Scott Doty scott at sonic.net
Wed Mar 13 15:26:33 PST 2002


Saw this on BUGTRAQ.  Solves the problem of finding statically-linked zlib
binaries.  (No, I haven't tried it.)

(BTW, the script posted earlier was from BUGTRAQ, too.)

 -Scott

----- Forwarded message from Florian Weimer <Weimer at CERT.Uni-Stuttgart.DE> -----

Delivered-To: scott at ponzo.sonic.net
Delivered-To: mailing list bugtraq at securityfocus.com
Delivered-To: moderator for bugtraq at securityfocus.com
To: hologram <holo at brained.org>
Cc: <bugtraq at securityfocus.com>
Subject: [bt] Re: zlibscan : script to find suid binaries possibly affected by
 zlib vulnerability
From: Florian Weimer <Weimer at CERT.Uni-Stuttgart.DE>
Date: Wed, 13 Mar 2002 19:53:41 +0100

hologram <holo at brained.org> writes:

> The following is a quick shell script to find suid binaries that are
> potentially affected by the zlib vulnability (i.e., those dynamically
> linked).

The hard case are statically linked binaries, though.  I've written a
short Perl script which scans for signatures found in compiled zlib
code.  The signatures are based on zlib's data tables, not machine
code, so they are fairly architecture-independent (modulo the 32/64
bit and endian issues addressed by the script).

-- 
Florian Weimer 	                  Weimer at CERT.Uni-Stuttgart.DE
University of Stuttgart           http://CERT.Uni-Stuttgart.DE/people/fw/
RUS-CERT                          +49-711-685-5973/fax +49-711-685-5898

#!/usr/bin/perl -w

# find-zlib - scan for zlib tables in compiled code
# Copyright (C) 2002 RUS-CERT, University of Stuttgart.
# Written by Florian Weimer <Weimer at CERT.Uni-Stuttgart.DE>.
#
# This program is free software; you can redistribute it and/or modify
# it under the terms of the GNU General Public License as published by
# the Free Software Foundation; either version 2 of the License, or
# (at your option) any later version.
#
# This program is distributed in the hope that it will be useful,
# but WITHOUT ANY WARRANTY; without even the implied warranty of
# MERCHANTABILITY or FITNESS FOR A PARTICULAR PURPOSE.  See the
# GNU General Public License for more details.

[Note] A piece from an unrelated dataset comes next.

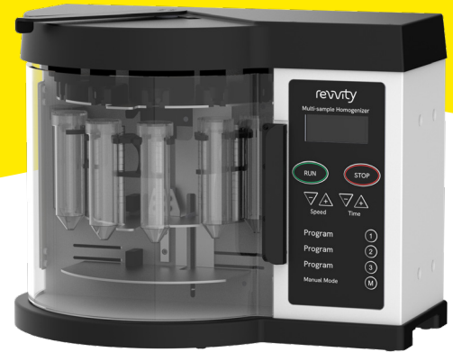
Part number: 06-021

# $Id: find-zlib,v 1.8 2002/03/13 18:42:44 rusfw Exp $
# <http://CERT.Uni-Stuttgart.DE/files/fw/find-zlib>

use strict;

if (@ARGV == 0 or $ARGV[0] eq '-h') {
    print <<EOF;
find-zlib - scan for zlib tables in compiled code
Copyright (C) 2002 RUS-CERT, University of Stuttgart.

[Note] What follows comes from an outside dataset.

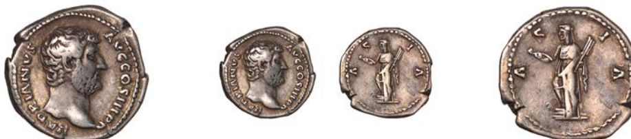
475 Hadrian , Denarius, 130-3, bare-headed bust right, rev. Asia standing left, foot on prow, holding reaping hook and rudder, 3.23g/6h (RIC II.3 1507; RSC 188; RCV 3462). About very fine, scarce £90-£120

Usage: find-zlib [-v] filename...

In non-verbose mode (without the "-v" flag), find-zlib scans only for
three signatures:

  - The "cplenx table".  It is not specific to zlib, but used
    by any inflate decoder.
  - The "cplext table".  This table is specific to zlib and
    also gives some version information.
  - The "inflate" copyright string.

Even if the copyright string has been removed, the other two signatures
permit the identification of zlib inflate code.

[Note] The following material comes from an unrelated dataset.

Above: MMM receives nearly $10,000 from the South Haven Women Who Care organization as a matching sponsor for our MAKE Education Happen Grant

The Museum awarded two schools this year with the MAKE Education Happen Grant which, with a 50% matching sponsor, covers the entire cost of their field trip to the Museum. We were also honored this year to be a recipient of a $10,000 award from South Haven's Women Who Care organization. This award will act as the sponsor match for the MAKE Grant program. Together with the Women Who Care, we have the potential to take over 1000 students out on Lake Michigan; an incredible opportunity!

In verbose mode, additional signatures are tested:

  - The "configuration table".  It is specific to zlib, but not
    required by the inflate code.
  - Some common messages found in zlib.
  - The "deflate" copyright string. Note that the deflate code is
    independent of the inflate code.

Thanks to Mark Adler for helpful suggestions.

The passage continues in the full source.